| MATERIAL PROVIDED |
+ + +

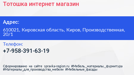 Тотошка, интернет-магазин по адресу 610021, Кировская область, Киров, Производственная, 20/1 в дальнейшем Организация, размещена в следующих категориях:
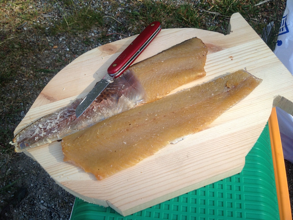 Men vi hadde med en liten smaksprøve til. Min mann hadde røkt et par ørreter natten over. Da hadde de først ligget i salt i ca 3 timer. Akkurat passe salt, og akkurat passe røkt. Dette avhenger selvsagt også av størrelse og hvor fet fisken er.
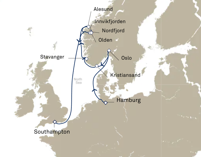 Départ : Hambourg - Allemagne / Arrivée : Southampton - Royaume-Uni
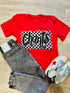 Get your chant on with this playful and eye-catching graphic tee! Featuring a checkered design and bold black glitter letters, this tee will add some fun to your wardrobe. Perfect for casual outings or cheering on your favorite team. Now that's something to chant about!
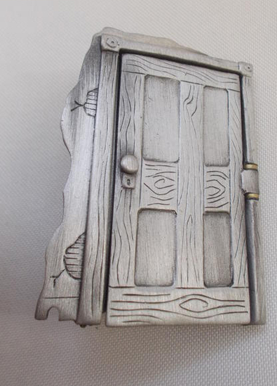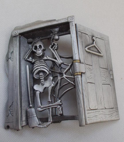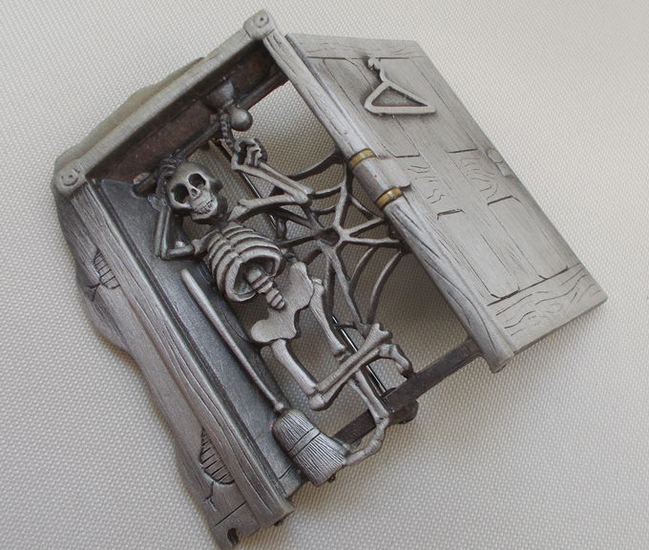 Вениамин или попросту Веня, очаровательный скелетик в шкафчике, выполненный в виде броши. Дверка шкафчика также сделана весьма занятно, причем прямо в процессе носки ее можно закрыть, приоткрыть или распахнуть настеж, так устроен механизм дверки.
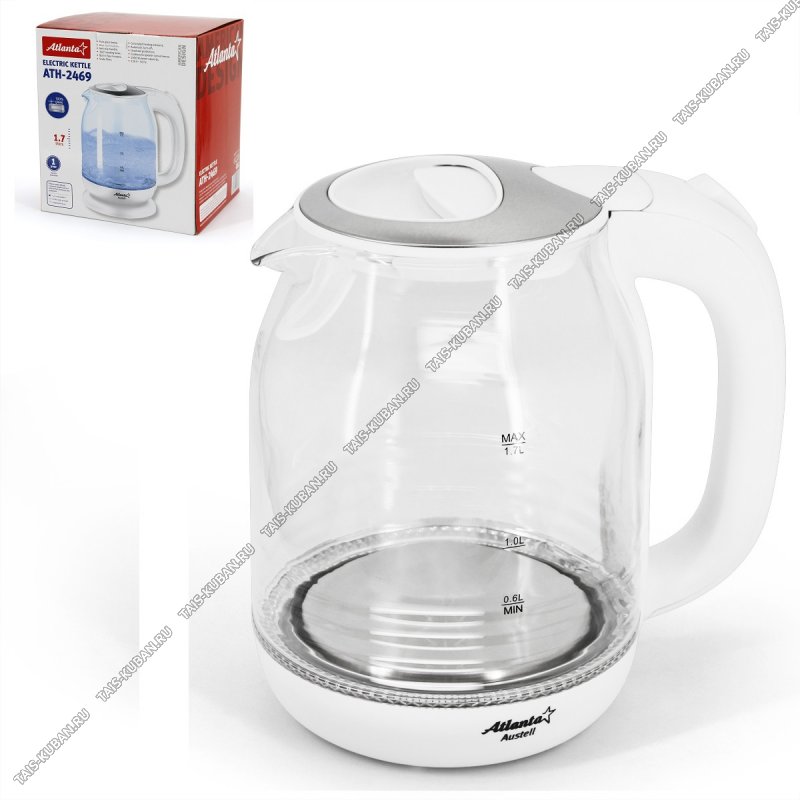 Чайник стекло 1,7л 2200Вт, белый (4) Чайник стекло 1,7л 2200Вт, белый (4)
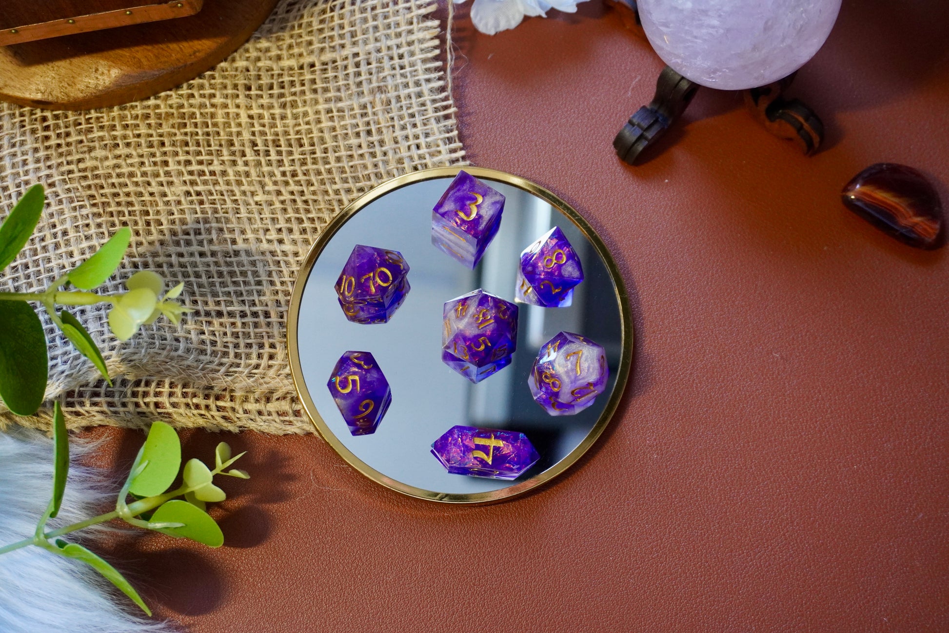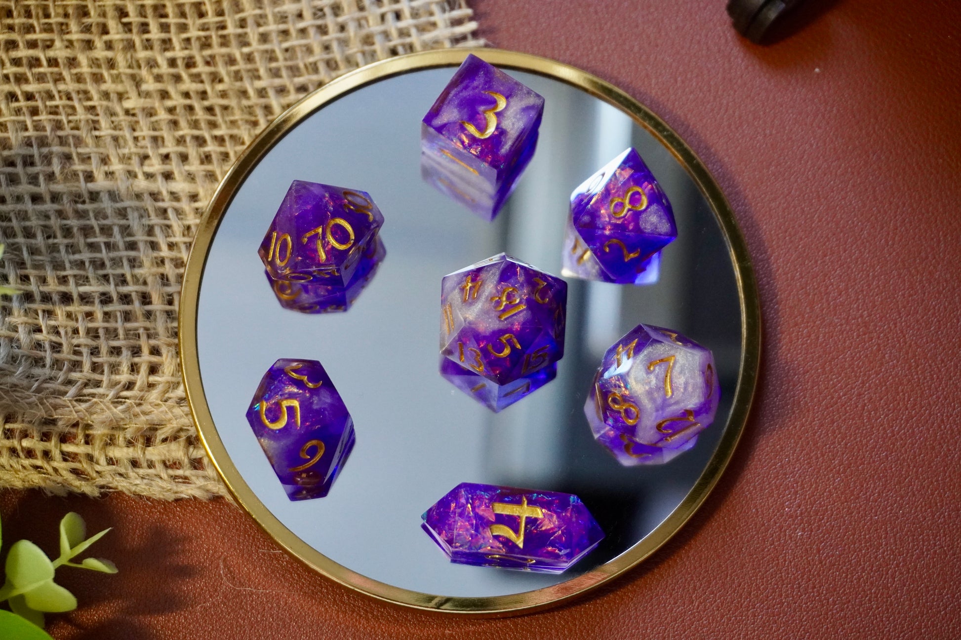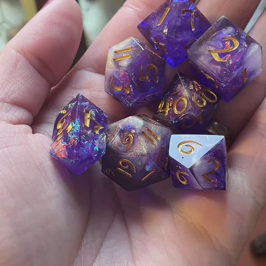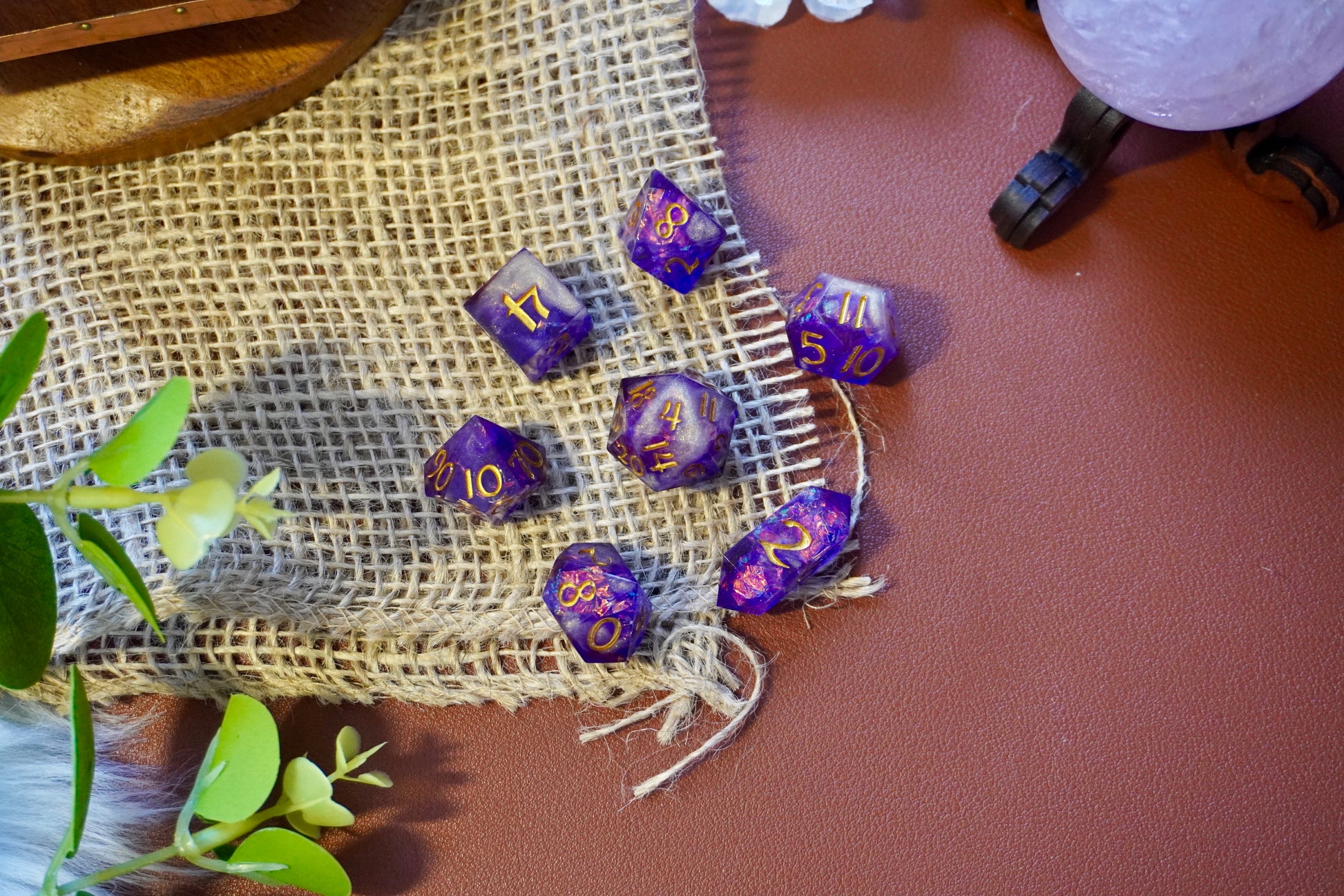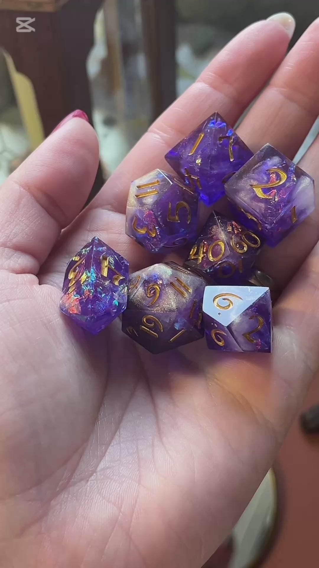 Deze prachtige, handgemaakte dobbelstenen zijn perfect voor liefhebbers van tabletop RPG’s, bordspellen en verzamelaars. Elk stuk is zorgvuldig gegoten, geschuurd en gepolijst voor een unieke en hoogwaardige afwerking. Gemaakt van hoogwaardig hars, iridescent folie, ink en fijne glitters.

+ + +

| TASK ITEM |
Every entry must be written out exactly, with all pictures left out.

| RESPONSE |
 Тотошка, интернет-магазин по адресу 610021, Кировская область, Киров, Производственная, 20/1 в дальнейшем Организация, размещена в следующих категориях:
 Men vi hadde med en liten smaksprøve til. Min mann hadde røkt et par ørreter natten over. Da hadde de først ligget i salt i ca 3 timer. Akkurat passe salt, og akkurat passe røkt. Dette avhenger selvsagt også av størrelse og hvor fet fisken er.
 Départ : Hambourg - Allemagne / Arrivée : Southampton - Royaume-Uni
 Get your chant on with this playful and eye-catching graphic tee! Featuring a checkered design and bold black glitter letters, this tee will add some fun to your wardrobe. Perfect for casual outings or cheering on your favorite team. Now that's something to chant about!
 Вениамин или попросту Веня, очаровательный скелетик в шкафчике, выполненный в виде броши. Дверка шкафчика также сделана весьма занятно, причем прямо в процессе носки ее можно закрыть, приоткрыть или распахнуть настеж, так устроен механизм дверки.
 Чайник стекло 1,7л 2200Вт, белый (4) Чайник стекло 1,7л 2200Вт, белый (4)
 Deze prachtige, handgemaakte dobbelstenen zijn perfect voor liefhebbers van tabletop RPG’s, bordspellen en verzamelaars. Elk stuk is zorgvuldig gegoten, geschuurd en gepolijst voor een unieke en hoogwaardige afwerking. Gemaakt van hoogwaardig hars, iridescent folie, ink en fijne glitters.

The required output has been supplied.